- **Task details**:
Nothing outside the range is to be copied. From the entries below, reproduce exactly the lines starting at the one with "Z-LINE FILTER, CONSTRUCTION NWO" and ending at the one with "Equally emblematic of", without pictures.

- **Entries supplied**:
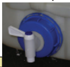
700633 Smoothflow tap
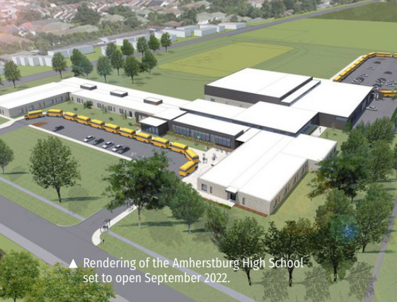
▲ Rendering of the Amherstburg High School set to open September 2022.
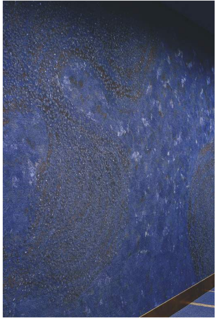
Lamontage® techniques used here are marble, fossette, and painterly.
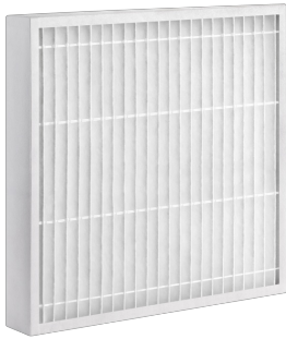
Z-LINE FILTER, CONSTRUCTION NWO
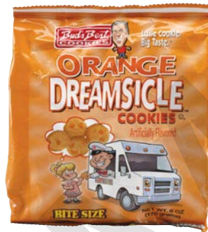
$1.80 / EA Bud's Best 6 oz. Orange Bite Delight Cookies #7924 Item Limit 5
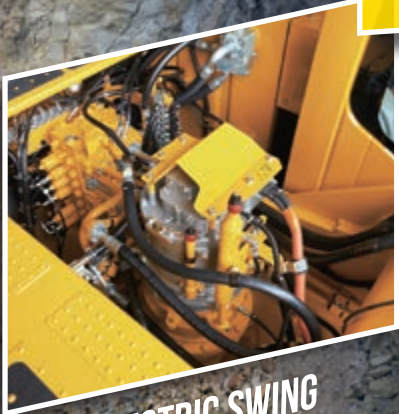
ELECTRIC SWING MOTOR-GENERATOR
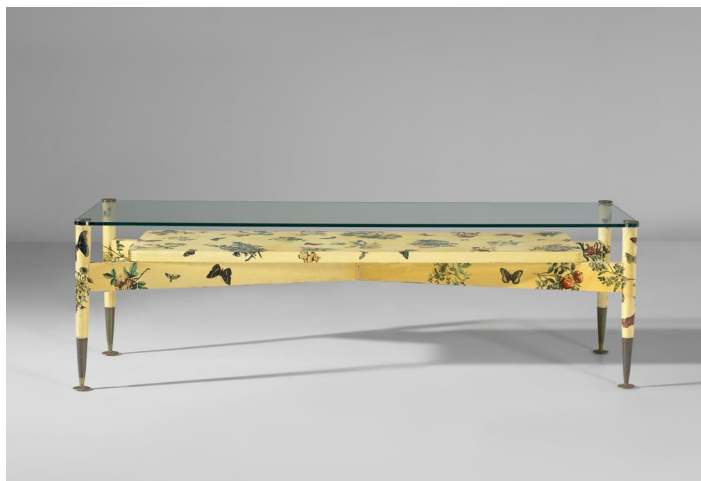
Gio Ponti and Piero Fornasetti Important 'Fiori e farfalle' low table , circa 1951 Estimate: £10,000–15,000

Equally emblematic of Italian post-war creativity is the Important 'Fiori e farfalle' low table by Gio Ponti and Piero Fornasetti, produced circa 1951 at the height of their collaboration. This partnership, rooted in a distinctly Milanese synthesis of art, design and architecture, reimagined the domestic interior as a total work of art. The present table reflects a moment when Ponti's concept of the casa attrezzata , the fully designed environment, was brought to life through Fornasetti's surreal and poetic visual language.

==

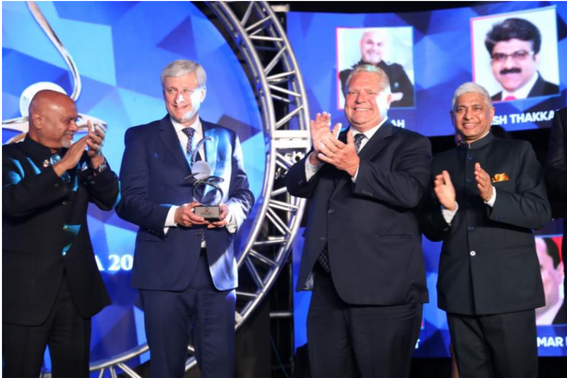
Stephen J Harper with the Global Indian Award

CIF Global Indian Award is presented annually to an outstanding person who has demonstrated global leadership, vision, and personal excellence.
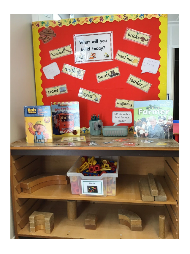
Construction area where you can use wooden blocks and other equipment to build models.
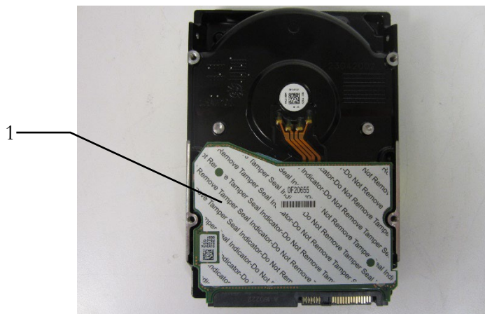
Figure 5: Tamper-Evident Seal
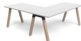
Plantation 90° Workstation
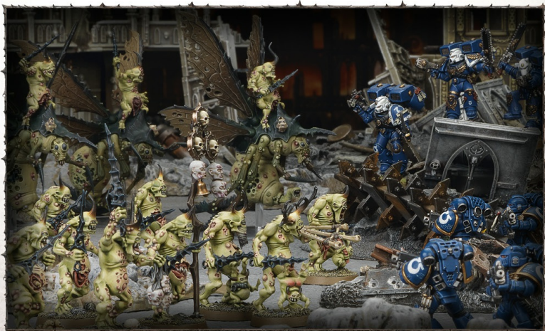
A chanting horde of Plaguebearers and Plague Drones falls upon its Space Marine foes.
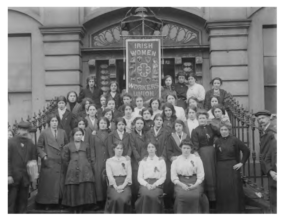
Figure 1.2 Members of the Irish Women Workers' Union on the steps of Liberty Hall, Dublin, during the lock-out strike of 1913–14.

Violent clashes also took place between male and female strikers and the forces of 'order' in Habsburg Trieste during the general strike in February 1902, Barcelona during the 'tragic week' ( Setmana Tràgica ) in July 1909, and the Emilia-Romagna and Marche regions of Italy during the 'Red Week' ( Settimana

- **Answer section**:
Z-LINE FILTER, CONSTRUCTION NWO
$1.80 / EA Bud's Best 6 oz. Orange Bite Delight Cookies #7924 Item Limit 5
ELECTRIC SWING MOTOR-GENERATOR
Gio Ponti and Piero Fornasetti Important 'Fiori e farfalle' low table , circa 1951 Estimate: £10,000–15,000

Equally emblematic of Italian post-war creativity is the Important 'Fiori e farfalle' low table by Gio Ponti and Piero Fornasetti, produced circa 1951 at the height of their collaboration. This partnership, rooted in a distinctly Milanese synthesis of art, design and architecture, reimagined the domestic interior as a total work of art. The present table reflects a moment when Ponti's concept of the casa attrezzata , the fully designed environment, was brought to life through Fornasetti's surreal and poetic visual language.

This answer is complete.